Œuvres poétiques de Chénier (Moland, 1889)/Élégie italienne. Ô belle (son nom)

Œuvres poétiques, Texte établi par Louis MolandGarnierVolume 1 (p. 305-307).


LXXXVI[1]

ÉLÉGIE ITALIENNE


Ô belle (son nom, pas le véritable)… tu crains… tu penses, dis-tu, qu’un poète est méchant… caustique… détrompe-toi de cette erreur. Non, le jeune poète est doux, innocent… l’enfant des neuf sœurs (peinture romantique)[2] tout entier aux muses et aux belles, il ne songe point à nuire, ni même à se défendre de ceux qui veulent lui nuire.


Il n’aime que l’amour : l’amour et les beaux-arts.


En lisant les poètes antiques, il voit, il poursuit, il tient ces belles héroïnes qui exercèrent


D’Apelle et de Zeuxis les suaves pinceaux.
Raphaël et David, sur leurs toiles savantes.
Offrent à ses désirs vingt maîtresses vivantes.


Quand il voit passer des belles, il les poursuit des yeux, il veut celle-ci, celle-là, il les veut toutes. En vain leurs vêtements… sous la gaze et la soie, il devine les charmes.


D’un flanc voluptueux l’agilité mobile.

Porté sur son imagination aux ailes de feu, il s’élance, il pénètre jusqu’aux plus secrets appas. Souvent sur les ailes de sa pensée, il vole, il s’égare… il va dans l’Orient, il perce les murs des harems… il y règne… il appelle une beauté que le Phase a fait naître la plus belle des mortelles.


Elle avance, elle hésite, elle traîne ses pas,
Grande, blanche. Sa tête, aux attraits délicats.
Est penchée. Elle rit ; mais à demi troublée,
D’un léger vêtement couverte et non voilée.
Le Gange a filé l’or qui de ses noirs cheveux
Dans un réseau de soie emprisonne les nœuds.
Golconde, à pleines mains, sur sa riche ceinture
À jeté le rubis et l’émeraude pure ;
Cercle étroit et facile où ses flancs sont pressés,
Dans leur souplesse molle avec grâce élancés.
Le diamant en feu, lumineuse merveille,
Presse son doigt de rose et pend à son oreille.
Son beau sein, éclatant de jeunesse et d’amour.
Et s’élève et repousse un précieux contour
De perles dont Ceylan voit son onde si vaine,
Et de perles encor serpente une autre chaîne
Sur ses bras nus, divins, dont les yeux sont charmés.
Qu’avec un soin d’amour la nature a formés.
Assise auprès de lui, ses yeux pleins de son âme
Nagent dans les langueurs d’une amoureuse flamme.
Et sa voix sur un luth, voluptueux accents,
Lui soupire en chanson la langue des Persans.

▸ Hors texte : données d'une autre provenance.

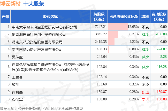 根据博云新材2025年三季报公布的十大股东详情如下: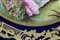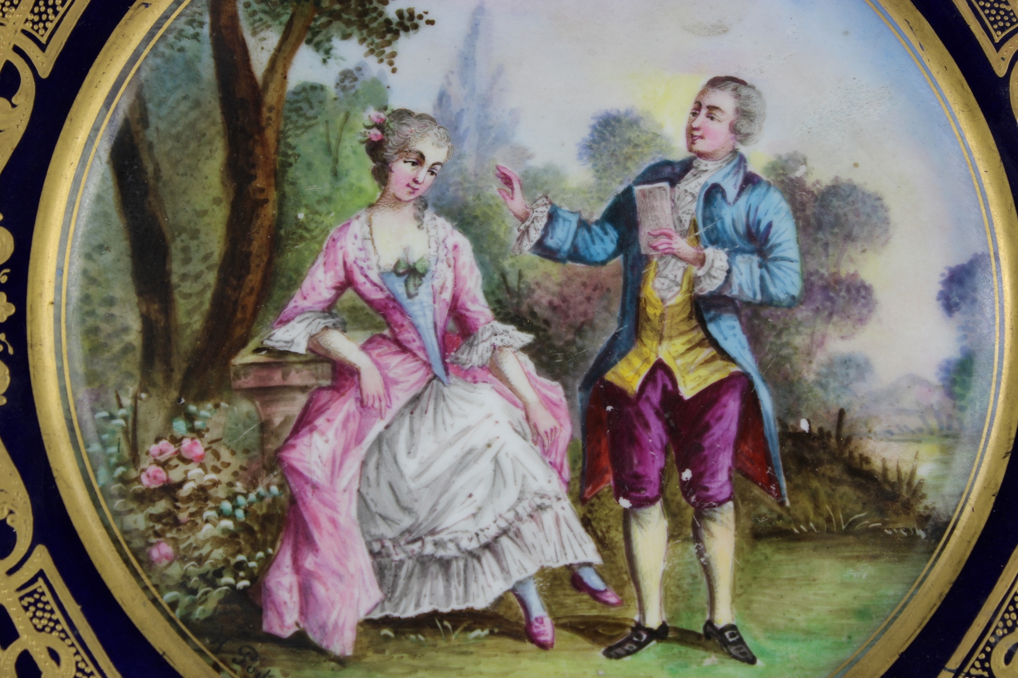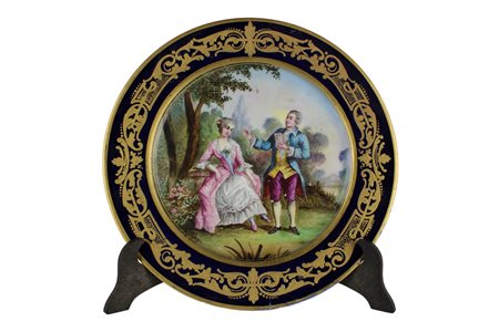 PIATTO in porcellana dipinta raffigurante scena galante dentro riserva e lumeggiature in oro manifattura ligone fine 800 cm Ø 28

Voilà comme l’enfant des neuf sœurs, affamé d’amour, se livre à ses rêveries innocentes et va se chercher des amantes lointaines… et s’il rencontre une belle (le nom du commencement) qui surpasse les beautés que son imagination lui a formées, et que cette belle veuille de lui, il l’aime, il l’aime, il ne voit plus qu’elle


Et l’amour n’a point mis aux genoux d’une belle
D’esclave plus soumis, ni d’amant plus fidèle.

  1. Édition G. de Chénier.
  2. C’est la deuxième fois que l’auteur emploie ce mot.